A critical by-product of false positives is alert fatigue, which induces enterprise security professionals to not react in a timely manner – fatal behavior when an actual breach or violation does occur. In this “boy who cried wolf” scenario, the enterprise is vulnerable from two perspectives. Failure to react to a “positive” alert could expose the entity to malware. On the flip side, reaction to a “false positive” expends countless resources. Whatever the situation, the consequences could damage careers, cripple the security posture, and tarnish the enterprise’s image. By using an original source digital threat intelligence feed vendor, you maximize the level of intel accuracy and minimize the margin for false positives to occur.
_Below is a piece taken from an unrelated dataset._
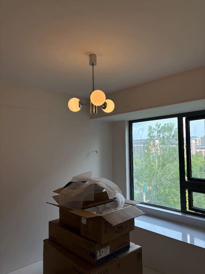 De moderne 3D Globe-kroonluchter heeft strakke metalen lijnen die elegant witte bolvormige lampenkappen ondersteunen. Het verfijnde ontwerp voegt een vleugje verfijning en moderne elegantie toe, waardoor het een ideaal middelpunt is voor stijlvolle, moderne ruimtes.
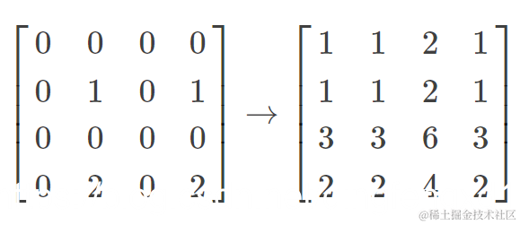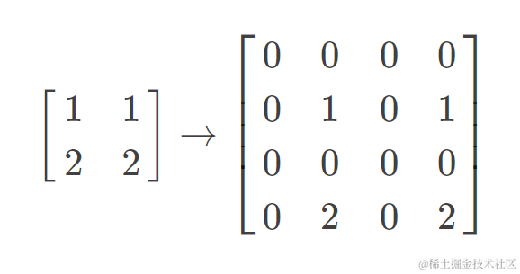 通过填充,让原来2*2的矩阵变成4*4。填充的方式是我自己根据代码给出的结果猜的,大概就是先在元素之间插strides - 1个0,然后在填充边缘使矩阵达到目标尺寸。

Focus on patterns, not just appearances
Both IOCs and POAs are important

Another aspect to deciphering the value of  threat intelligence is what actually goes on behind the scenes. Most threat intelligence feeds factor in indicators of compromise (IOCs) to describe a malware alert is valid  or is marked with “high confidence” in its accuracy. However, what is harder to determine is the actual behavioral pattern of a threat or the method of malware delivery, which is what patterns of attack (POAs) depict. By understanding the POAs, high-quality threat intelligence can also detect new threat vectors, hence allowing enterprises to block suspicious malware before it becomes overt.

The key determining characteristic between IOCs and POAs is that IOCs contain  superfluous, easy-to-alter data points that are not individual or specific to the bad actor, whereas POA data points are difficult to mask. To put it in simpler terms, think of a bank robbery. Information describing the appearance of the robber, such as a shirt or hair color, could be easily changed for the robber to evade detection and be free to commit additional heists. However, more specific, innate information regarding the robber’s gait or voice, would make the individual easier to detect and block their ability to commit the same crime again. These inherent factors or POAs are difficult and expensive to alter. Therefore, threat intelligence data should factor in both IOCs and POAs in order to provide a more conclusive picture of a threat and minimize false positives.

Security Buyer Beware

Yes, factors such as real-time data, number of data points on threat vectors, easy access, and seamless integration with TIP/SIEM are important in determining the overall quality of a threat data feed. However, inaccurate data and false positives are fundamental flaws in many market solutions for threat intelligence. By using an original source digital threat intelligence feed vendor, you maximize the level of intel accuracy and minimize the margin for false positives to occur. Choose wisely.